Sham injections were conducted using microICSI to assess parthenogenic activation and subsequent embryo development. For sham injections, oocytes were injected with 7% PVP and no sperm. Non-injected oocytes were also placed separately into culture as controls. Both shams and controls act as developmental controls and are only presented in graphs comparing developmental rates. All other data compares C-ICSI to microICSI. All injected oocytes within treatment groups were washed three times in a 35-mm culture dish heated to 38.5 °C containing 2.5 mL NCSU23 before incubation.

Embryo culture

Presumptive zygotes, sham injected, and controls were cultured in groups of 5 in 50 μL drops of modified NCSU-23 within a 60-mm petri dish (Falcon Product No.: 351007) covered with ~8 mL of MEA-tested paraffin oil until day 4 in a humidified incubator at 38.5 °C (6% CO2, 7%O2, balanced with N2). At day 4 of culture, cleavage was scored, as well as post-injection survival rate, defined here as maintaining membrane integrity, and the degree of fragmentation in both un-cleaved and cleaved embryos. Fragmentation was defined as an embryo with greater than 30% of the perivitelline space and space between cells occupied by small, membrane-bound vesicular bodies. All surviving embryos were moved to equilibrated dishes with modified blastocyst NCSU-23 (ART Lab Solutions Pty Ltd), supplemented with 10% FBS and overlayed with paraffin oil. Blastocysts were scored on day 6 of culture.

Differential staining

The protocol for differential staining was based on a study by Grupen et al. with some minor modifications as outlined below [29]. Blastocysts produced from four replicates obtained from both techniques were collected for staining immediately after blastocyst scoring on day 6. Blastocysts were washed in warmed (37 °C) HEPES-buffered NCSU23 (ART Lab Solutions Pty Ltd) for differential staining. The zona pellucidae were removed by incubation with 0.5% pronase dissolved in PBS for approximately 2 min, then washed in HEPES-MEM-PVA (Minimum Essential Medium (Medium 199, HEPES (Gibco, Thermo Fisher Scientific) and 1 mg/mL polyvinyl alcohol (PVA)) and then further incubation in 10 mM trinitrobenzenesulphonic acid (TNBS) in HEPES-MEM-PVA on ice for 15 min. Blastocysts were then removed and further washed in HEPES-MEM-PVA prior to being incubated with 0.2 mg/mL anti-dinitrophenol BSA in HEPES-MEM-PVA at 38°C for 10 min. Blastocysts were then washed again in HEPES-MEM-PVA and incubated in HEPES-MEM-PVA containing ~10% guinea pig complement serum, 0.01 mg/mL propidium iodide, and 0.05 mM bisbenzimide (Hoechst 33258) for 10 min. After washing, blastocysts were transferred into HEPES-MEM-PVA as a post incubation step, then were dehydrated in 100% ethanol (Chem-Supply Pty Ltd, Gillman, SA, Australia) and mounted on a microscope slide in 2 μL of glycerol underneath a cover slip. Fluorescence images of the nuclei of blastocysts were captured with an epifluorescence inverted microscope at 20× objective (Eclipse TS100; Nikon Corporation; excitation filter 330–380 nm and barrier filter 420 nm). Numbers of blue inner cell mass (ICM) and pink to red trophectoderm (TD) cells were manually counted post imaging by one researcher blinded to treatments using the Fiji Is Just ImageJ (FIJI) freeware [30].

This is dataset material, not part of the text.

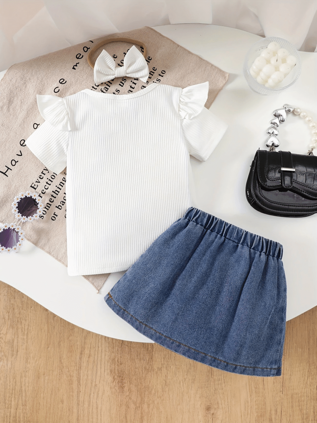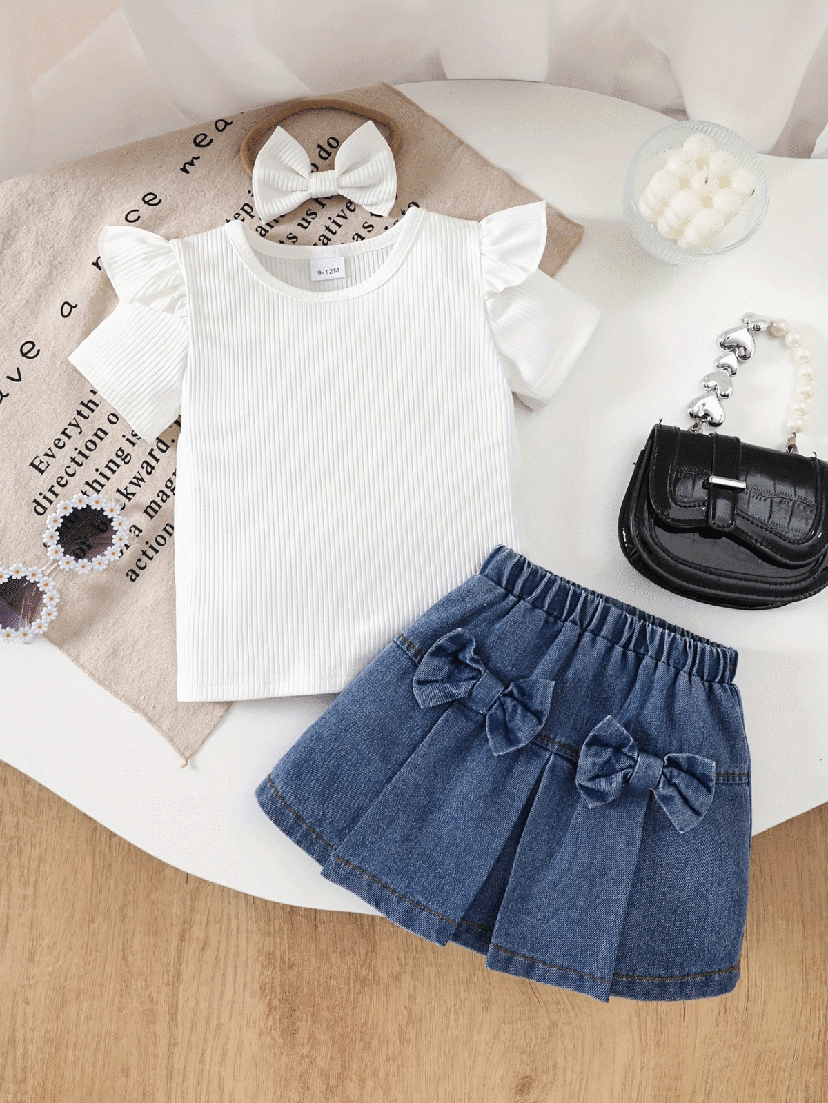 Chic Summer Outfit for Girls – White Top & Navy Bow Skirt,

Human microICSI validation

Vitrified human oocytes (n = 18, from two patients) consented to research (The University of Adelaide Ethics Approval Number H-2023-082) were obtained from a local IVF clinic and warmed in the laboratory according to the SAGE vitrification warming kit instructions (Origio Australasia Pty Ltd). After warming, oocytes were washed in GMOPS PLUS (Vitrolife Pty Ltd) and placed in an incubator at 37 °C for at least 1 h before the ICSI procedure.

For C-ICSI, one 5 μL microdrop of 7% PVP (Origio Australasia Pty Ltd) was placed in the centre of a Vitrolife ICSI dish surrounded by eight drops 5 μL of GMOPS PLUS. The microICSI dish comprised of one 5 μL strip of 7% PVP laid down the left side of the microICSI array, with 20 μL of GMOPS PLUS pipetted over and around the microICSI array moat. All ICSI dishes were overlayered with 5 mL of paraffin oil (Merck Group) and equilibrated to 37 °C for a minimum of 3 h.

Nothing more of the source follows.